▶ [Assignment] Beginning at the line that mentions "cane and glasses", retype the rest of the records below exactly. Pictures are not part of the copy.

Extracted records:
----------

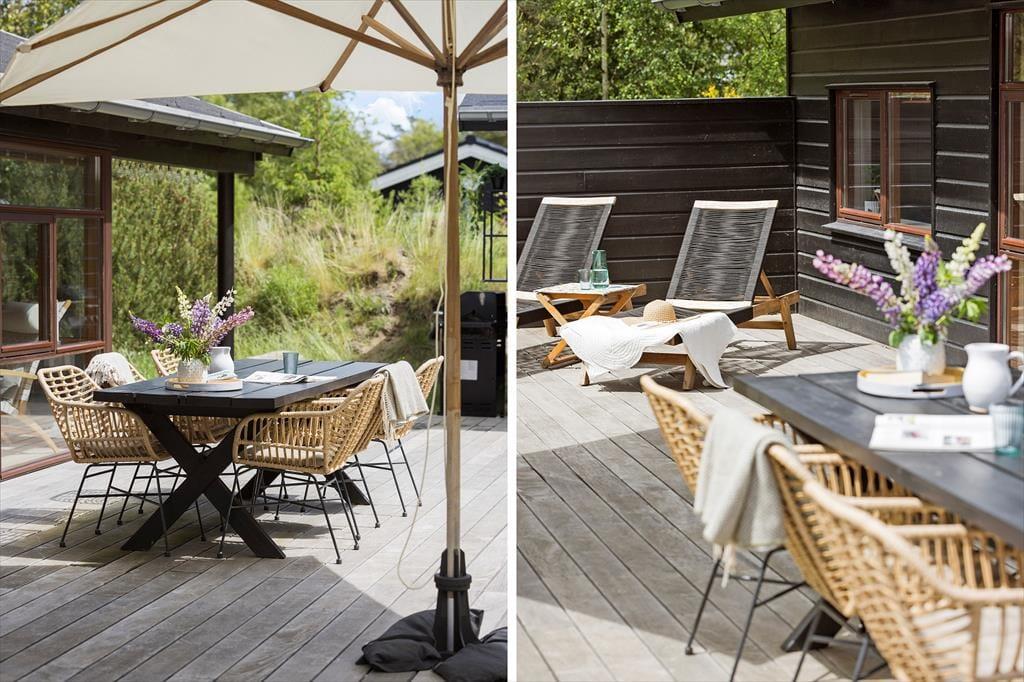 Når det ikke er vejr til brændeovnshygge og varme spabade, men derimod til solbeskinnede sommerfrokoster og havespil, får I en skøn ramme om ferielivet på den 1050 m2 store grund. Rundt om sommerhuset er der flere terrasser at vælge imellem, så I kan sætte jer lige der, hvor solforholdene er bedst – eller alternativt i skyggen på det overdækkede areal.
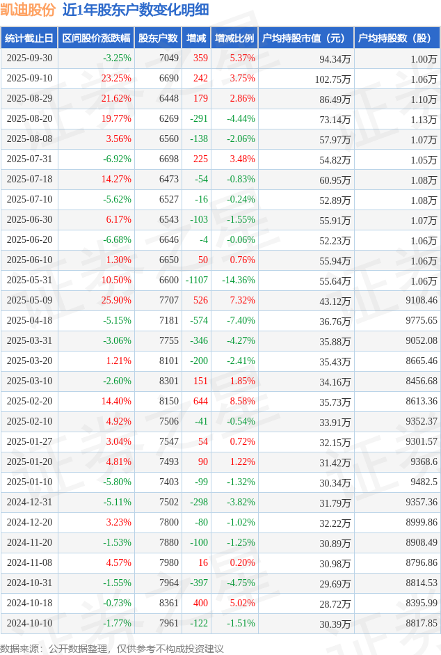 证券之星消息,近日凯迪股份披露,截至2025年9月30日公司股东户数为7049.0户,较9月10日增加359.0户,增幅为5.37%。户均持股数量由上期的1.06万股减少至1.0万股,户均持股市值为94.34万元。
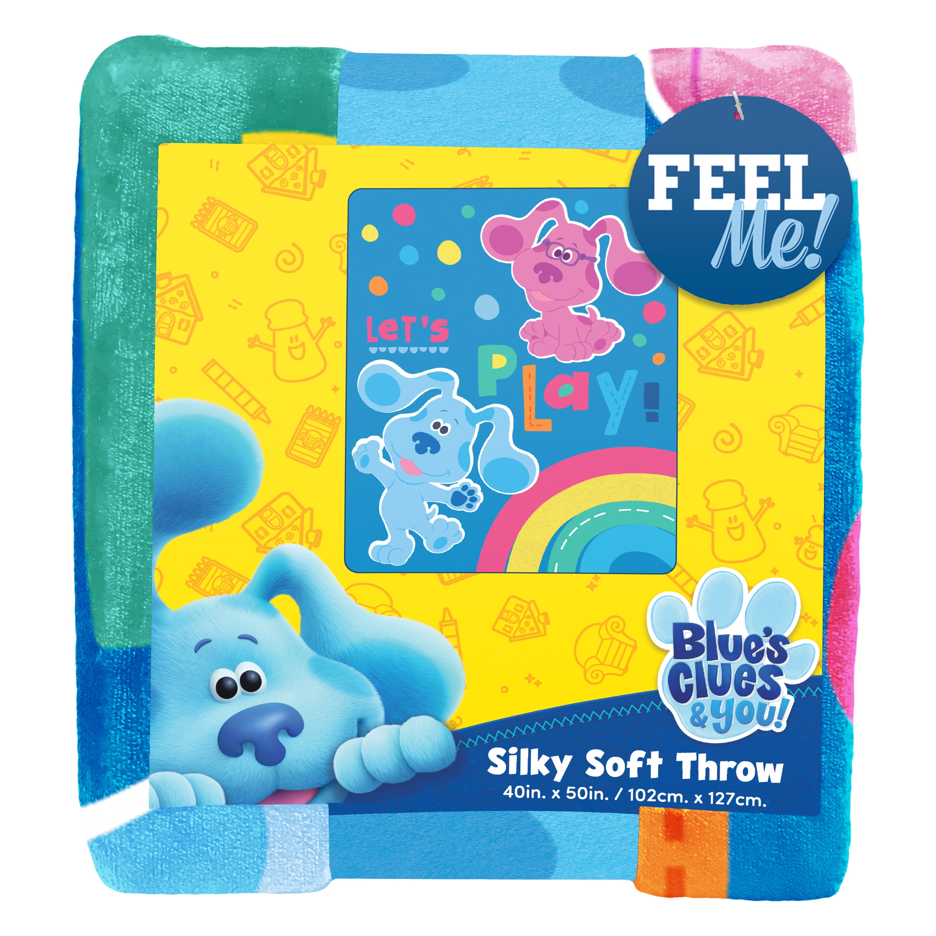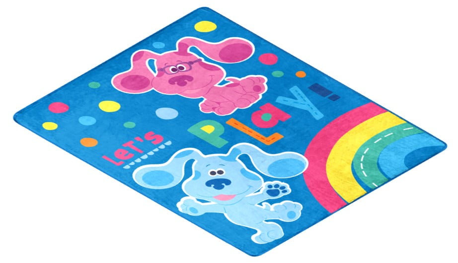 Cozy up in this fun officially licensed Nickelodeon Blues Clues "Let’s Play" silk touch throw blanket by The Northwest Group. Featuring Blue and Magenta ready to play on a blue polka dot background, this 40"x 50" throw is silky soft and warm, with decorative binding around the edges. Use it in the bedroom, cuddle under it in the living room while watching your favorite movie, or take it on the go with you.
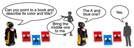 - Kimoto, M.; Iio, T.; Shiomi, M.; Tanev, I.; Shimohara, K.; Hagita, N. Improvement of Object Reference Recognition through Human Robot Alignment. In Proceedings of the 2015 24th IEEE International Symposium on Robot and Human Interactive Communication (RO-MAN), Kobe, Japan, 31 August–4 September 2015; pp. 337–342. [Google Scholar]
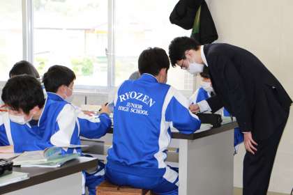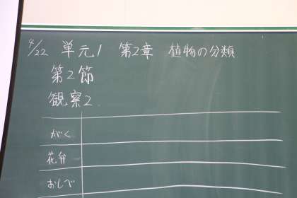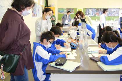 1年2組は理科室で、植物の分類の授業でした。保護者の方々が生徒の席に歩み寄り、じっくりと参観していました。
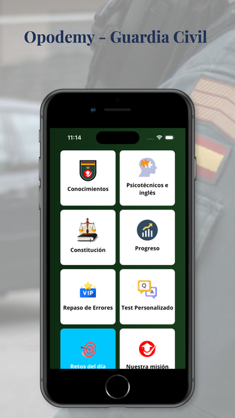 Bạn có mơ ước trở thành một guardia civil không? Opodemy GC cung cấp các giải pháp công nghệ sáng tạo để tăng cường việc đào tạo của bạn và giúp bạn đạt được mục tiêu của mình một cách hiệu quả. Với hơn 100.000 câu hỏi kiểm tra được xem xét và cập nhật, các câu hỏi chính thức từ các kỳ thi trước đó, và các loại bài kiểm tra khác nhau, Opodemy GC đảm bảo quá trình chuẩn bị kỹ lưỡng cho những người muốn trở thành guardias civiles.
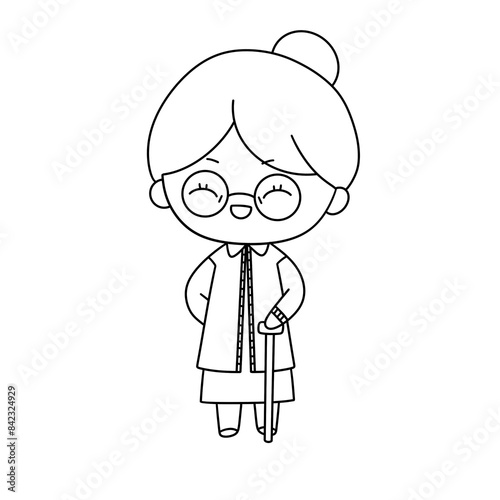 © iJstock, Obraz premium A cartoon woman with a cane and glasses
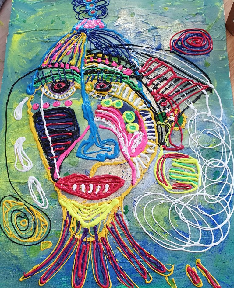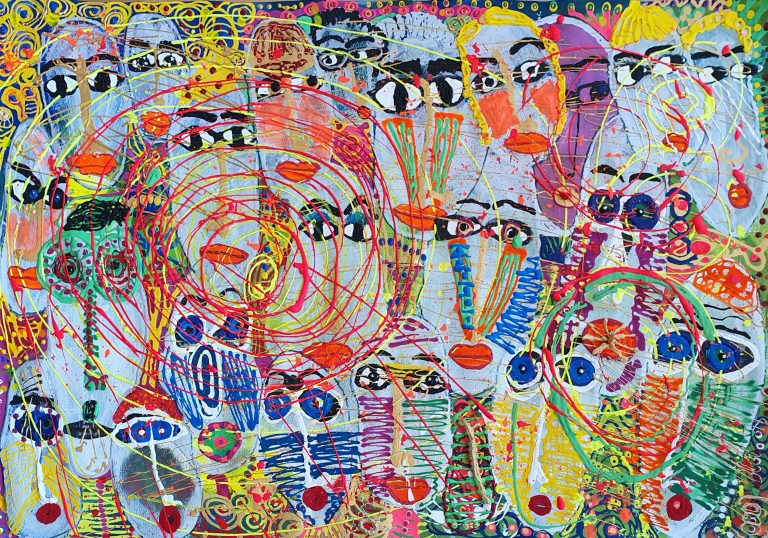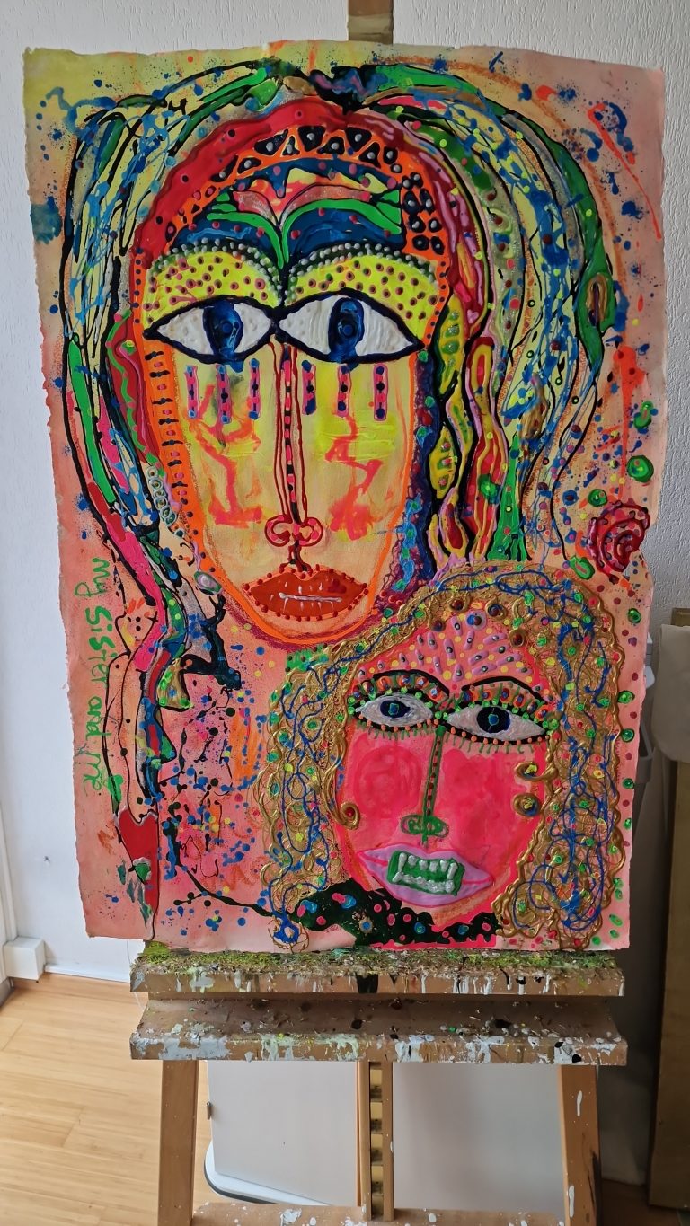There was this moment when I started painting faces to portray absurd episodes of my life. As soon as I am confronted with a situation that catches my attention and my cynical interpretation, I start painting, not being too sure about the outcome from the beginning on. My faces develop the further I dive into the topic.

----------

▶ [Final answer]
 © iJstock, Obraz premium A cartoon woman with a cane and glasses
There was this moment when I started painting faces to portray absurd episodes of my life. As soon as I am confronted with a situation that catches my attention and my cynical interpretation, I start painting, not being too sure about the outcome from the beginning on. My faces develop the further I dive into the topic.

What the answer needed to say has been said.